*Information supplied*:
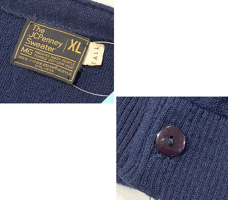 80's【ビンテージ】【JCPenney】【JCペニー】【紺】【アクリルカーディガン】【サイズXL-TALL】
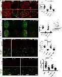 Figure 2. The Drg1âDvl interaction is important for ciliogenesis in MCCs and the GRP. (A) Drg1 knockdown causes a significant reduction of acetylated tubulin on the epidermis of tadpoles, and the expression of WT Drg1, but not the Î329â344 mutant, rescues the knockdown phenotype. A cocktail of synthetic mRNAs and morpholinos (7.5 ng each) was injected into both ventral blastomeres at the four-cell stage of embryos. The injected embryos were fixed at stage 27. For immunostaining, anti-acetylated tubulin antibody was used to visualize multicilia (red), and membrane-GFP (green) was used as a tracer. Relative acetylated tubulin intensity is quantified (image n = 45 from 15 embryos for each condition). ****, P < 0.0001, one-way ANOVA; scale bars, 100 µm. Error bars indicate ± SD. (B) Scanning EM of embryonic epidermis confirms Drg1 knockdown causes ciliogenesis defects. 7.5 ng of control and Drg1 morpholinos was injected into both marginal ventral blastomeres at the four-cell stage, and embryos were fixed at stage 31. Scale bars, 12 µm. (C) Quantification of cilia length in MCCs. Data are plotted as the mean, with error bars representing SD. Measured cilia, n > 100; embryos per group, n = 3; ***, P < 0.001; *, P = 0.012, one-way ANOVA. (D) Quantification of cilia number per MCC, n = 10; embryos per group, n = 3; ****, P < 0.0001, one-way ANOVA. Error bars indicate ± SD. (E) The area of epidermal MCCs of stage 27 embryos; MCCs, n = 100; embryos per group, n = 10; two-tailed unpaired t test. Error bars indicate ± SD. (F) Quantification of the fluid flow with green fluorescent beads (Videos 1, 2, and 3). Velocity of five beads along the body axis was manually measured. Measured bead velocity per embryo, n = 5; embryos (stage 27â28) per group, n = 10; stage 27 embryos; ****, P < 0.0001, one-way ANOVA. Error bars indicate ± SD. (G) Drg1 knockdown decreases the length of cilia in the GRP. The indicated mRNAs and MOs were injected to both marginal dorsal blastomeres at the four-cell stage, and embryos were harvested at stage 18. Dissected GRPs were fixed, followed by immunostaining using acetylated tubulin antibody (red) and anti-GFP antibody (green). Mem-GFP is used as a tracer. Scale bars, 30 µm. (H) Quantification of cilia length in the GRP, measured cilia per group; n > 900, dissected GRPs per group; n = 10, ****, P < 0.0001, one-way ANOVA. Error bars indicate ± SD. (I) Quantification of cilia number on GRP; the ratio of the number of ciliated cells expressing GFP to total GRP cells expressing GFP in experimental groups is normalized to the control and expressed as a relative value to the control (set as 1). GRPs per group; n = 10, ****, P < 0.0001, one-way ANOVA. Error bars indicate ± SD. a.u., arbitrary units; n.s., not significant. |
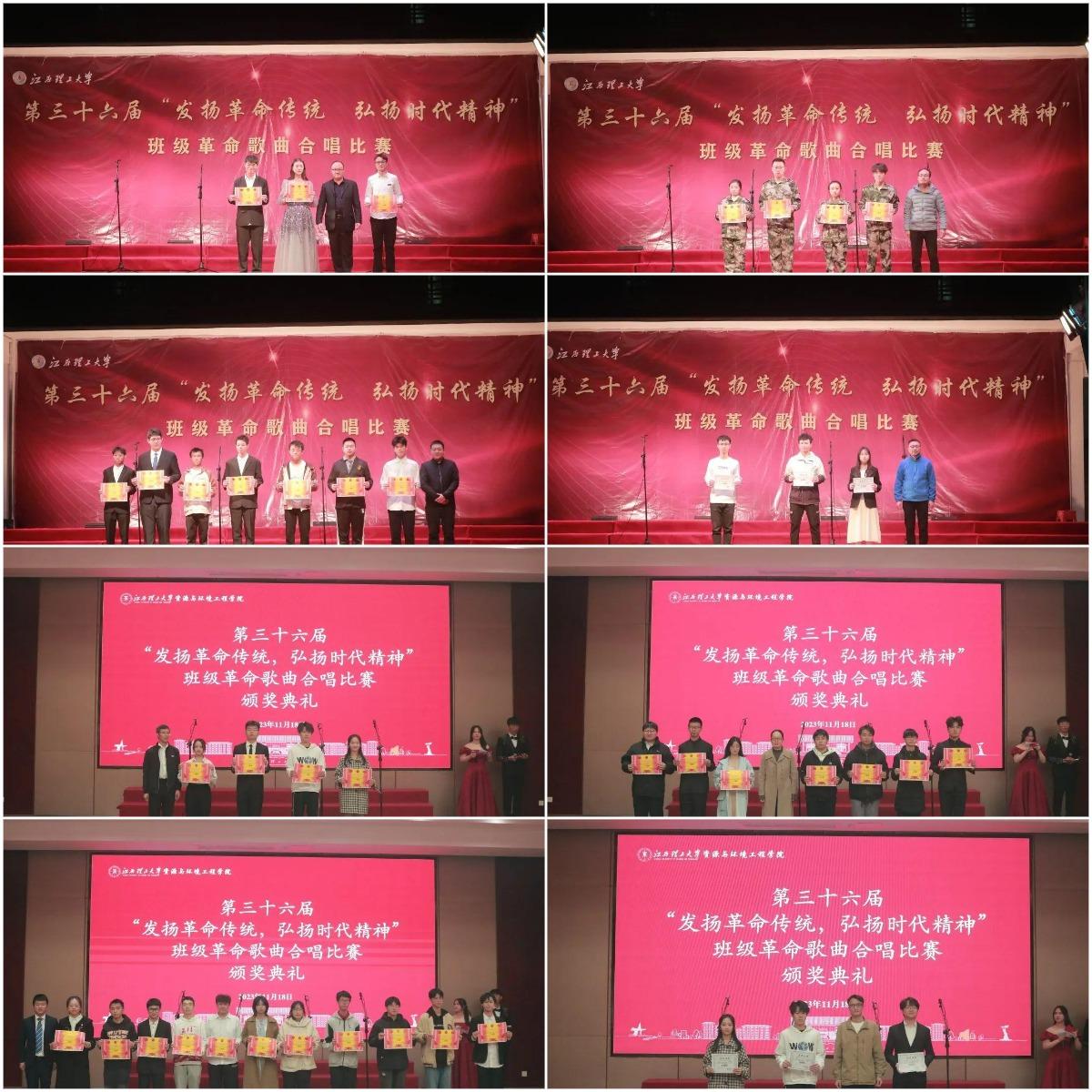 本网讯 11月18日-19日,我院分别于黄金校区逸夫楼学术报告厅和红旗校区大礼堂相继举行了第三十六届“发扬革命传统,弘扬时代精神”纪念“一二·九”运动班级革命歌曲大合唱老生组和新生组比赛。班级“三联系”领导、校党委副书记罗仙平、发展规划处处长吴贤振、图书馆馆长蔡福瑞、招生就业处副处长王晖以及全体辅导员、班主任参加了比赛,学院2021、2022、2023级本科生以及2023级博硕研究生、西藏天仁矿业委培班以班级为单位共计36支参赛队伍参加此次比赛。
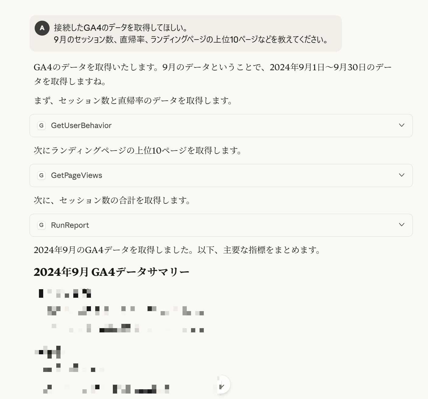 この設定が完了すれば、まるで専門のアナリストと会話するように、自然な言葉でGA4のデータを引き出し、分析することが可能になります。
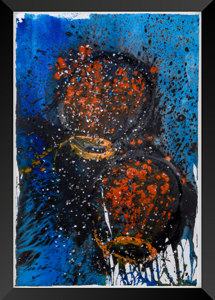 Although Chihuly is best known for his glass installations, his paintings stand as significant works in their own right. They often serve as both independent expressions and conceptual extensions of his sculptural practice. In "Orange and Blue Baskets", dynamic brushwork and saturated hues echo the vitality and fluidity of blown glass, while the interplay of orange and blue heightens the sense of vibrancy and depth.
--
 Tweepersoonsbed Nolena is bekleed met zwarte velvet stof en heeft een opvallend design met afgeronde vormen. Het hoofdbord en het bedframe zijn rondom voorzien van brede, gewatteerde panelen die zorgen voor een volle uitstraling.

*Problem statement*:
Would you set down only the lines above from the line with "本网讯 11月18日-19日" to the line with "この設定が完了すれば、まるで", both included, exactly as they stand and without the pictures?

*Finished task*:
 本网讯 11月18日-19日,我院分别于黄金校区逸夫楼学术报告厅和红旗校区大礼堂相继举行了第三十六届“发扬革命传统,弘扬时代精神”纪念“一二·九”运动班级革命歌曲大合唱老生组和新生组比赛。班级“三联系”领导、校党委副书记罗仙平、发展规划处处长吴贤振、图书馆馆长蔡福瑞、招生就业处副处长王晖以及全体辅导员、班主任参加了比赛,学院2021、2022、2023级本科生以及2023级博硕研究生、西藏天仁矿业委培班以班级为单位共计36支参赛队伍参加此次比赛。
 この設定が完了すれば、まるで専門のアナリストと会話するように、自然な言葉でGA4のデータを引き出し、分析することが可能になります。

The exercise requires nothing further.